Limit maximum tokens per response to control usage.
3.8 Agent (LangChain) Node
Purpose: Orchestrate the LLM, memory, and tools (including the Supabase retriever) to build a coherent itinerary under explicit business rules.
Core responsibilities:
Define the system prompt and instructions for how to use retrieved context.
Instruct the LLM to respect user constraints such as budget, accessibility, and trip pace.
Structure the output in a predictable format, typically day-by-day.
Prompt design recommendations:
Explicitly instruct the agent to:
Use retrieved chunks as factual context.
Respect budget levels and avoid suggesting activities that conflict with constraints.
Balance different interest categories across days (e.g. food, historical sites, beaches).
Specify a clear output schema, for example:
Day 1: Morning, Afternoon, Evening
Day 2: …
Debugging:
Log intermediate tool calls and the memory state to verify that the agent is using the retriever correctly.
Iterate on the prompt template if the agent ignores constraints or produces inconsistent structure.
3.9 Google Sheets Node – Logging
Purpose: Persist each itinerary generation event for analytics, auditing, and manual review.
Configuration:
Credentials: Google Sheets API credentials configured in n8n.
Sheet ID: Target spreadsheet identifier.
Tab name: Log
Operation: Append row
Typical logged fields:
User ID
Destination and dates
Interests and budget
Generated itinerary text
Timestamps and any internal run identifiers
Operational tip: Maintain separate sheets for development and production to avoid mixing test data with real analytics.
4. Configuration Checklist
Before enabling the workflow in n8n, verify the following prerequisites:
An active n8n instance (self-hosted or n8n cloud) with access to the internet.
A Supabase project:
Vector extension enabled.
Table configured as a vector store with an index name travel_itinerary_builder.
API keys created and stored as n8n credentials.
A Cohere account:
API key configured in n8n for the Embeddings node.
An OpenAI API key (or another supported LLM provider) for the Chat node.
A Google account with:
Sheets API credentials configured in n8n.

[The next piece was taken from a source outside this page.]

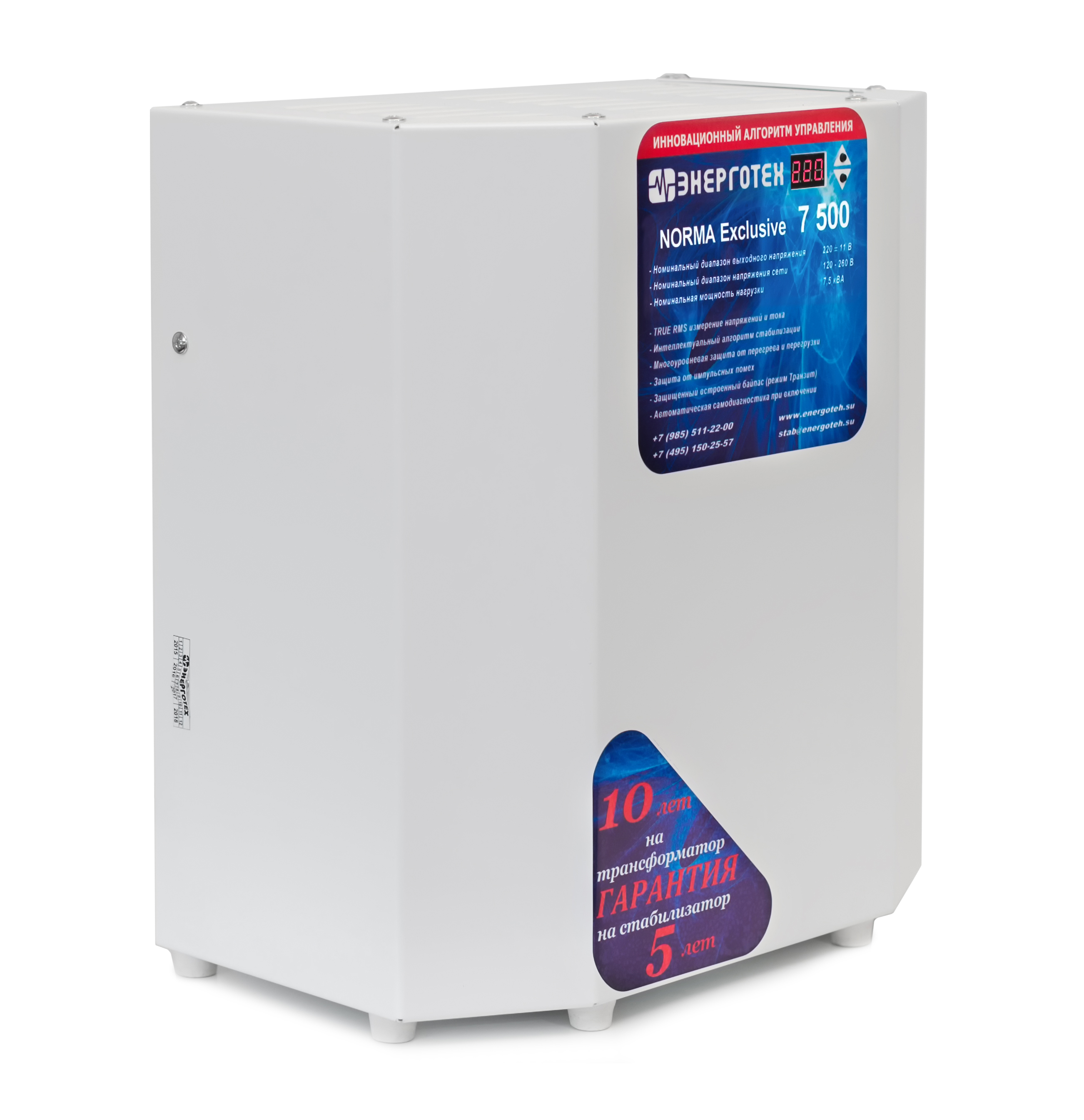 NORMA является начальной серией стабилизатор напряжения Энерготех. Она представлена бюджетными электронными тиристорными стабилизаторами с точностью стабилизации 4,8%, используются 12 ступеней. Эта серия работает при входном напряжении 105-285 В. При входном напряжении от 120 до 275 В прибор обеспечивает заявленную точность стабилизации и мощность подключенной нагрузки. Серия Норма может работать в неотапливаемом помещении при температуре от -25 до +45 °С. В комплекте идет специальная подставка для размещения стабилизатора напряжения на стене. Снизу расположены автоматический выключатель и ручной сервисный байпас.
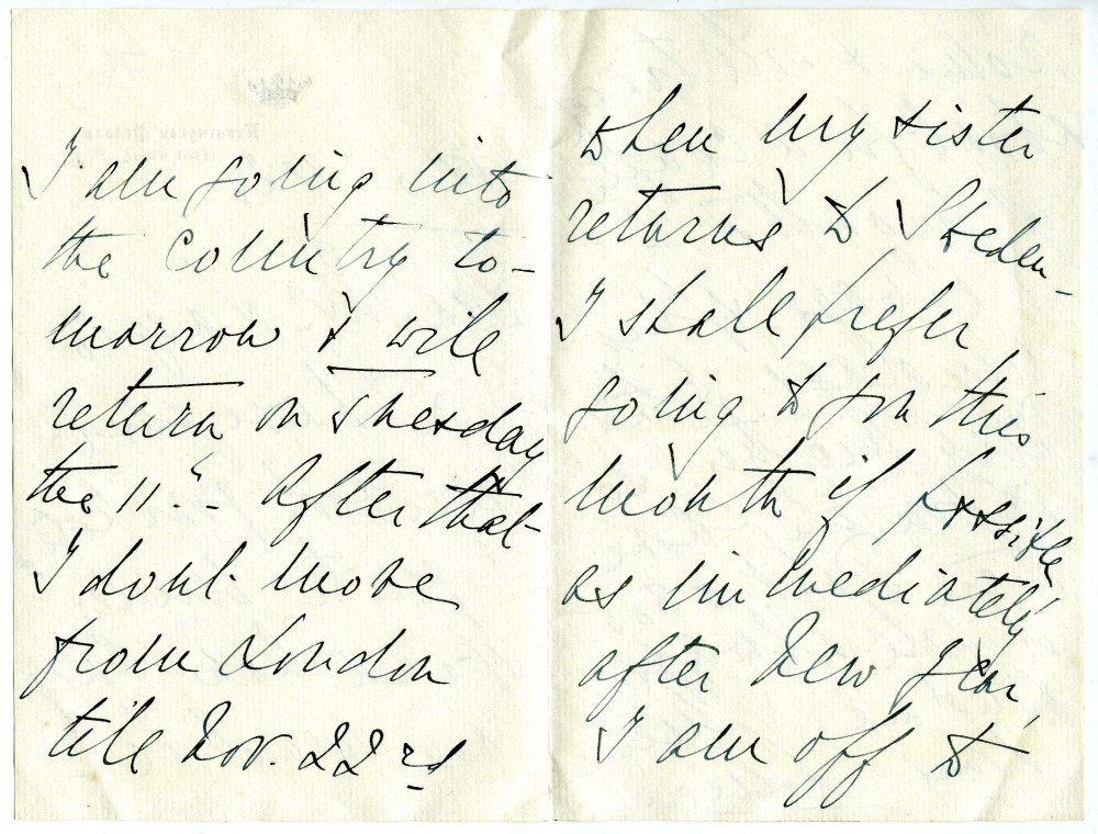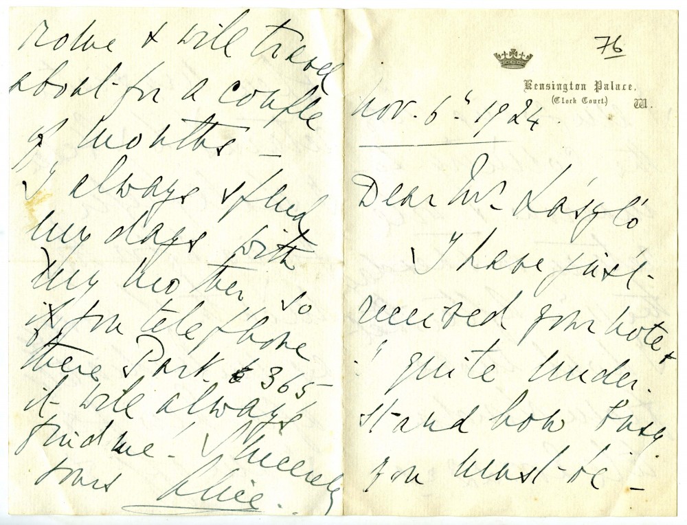 Letter from Princess Alice of Greece to de László concerning travel plans/sittings

Target Sheet ID and a tab named Log.
A reachable Webhook URL:
For local development, use a tunneling solution like ngrok to expose the Webhook endpoint.
5. Node-Specific Guidance & Tuning
5.1 Text Splitter Node
Increase chunkSize if the LLM needs more context per chunk.
Decrease chunkSize if embedding calls become too large or slow.
Adjust chunkOverlap to reduce duplicated information while still preserving continuity between chunks.
5.2 Cohere Embeddings Node
Select a model optimized for semantic similarity tasks over descriptive travel content.
Use batching when embedding many chunks in one run to reduce network overhead.
5.3 Supabase Vector Store
Keep the index name consistent (travel_itinerary_builder) across Insert and Query operations.
Persist rich metadata:
Chunk source (user input vs. guide)
User ID
Destination and language
Timestamps
Monitor storage and query costs as the dataset grows and adjust retention policies if required.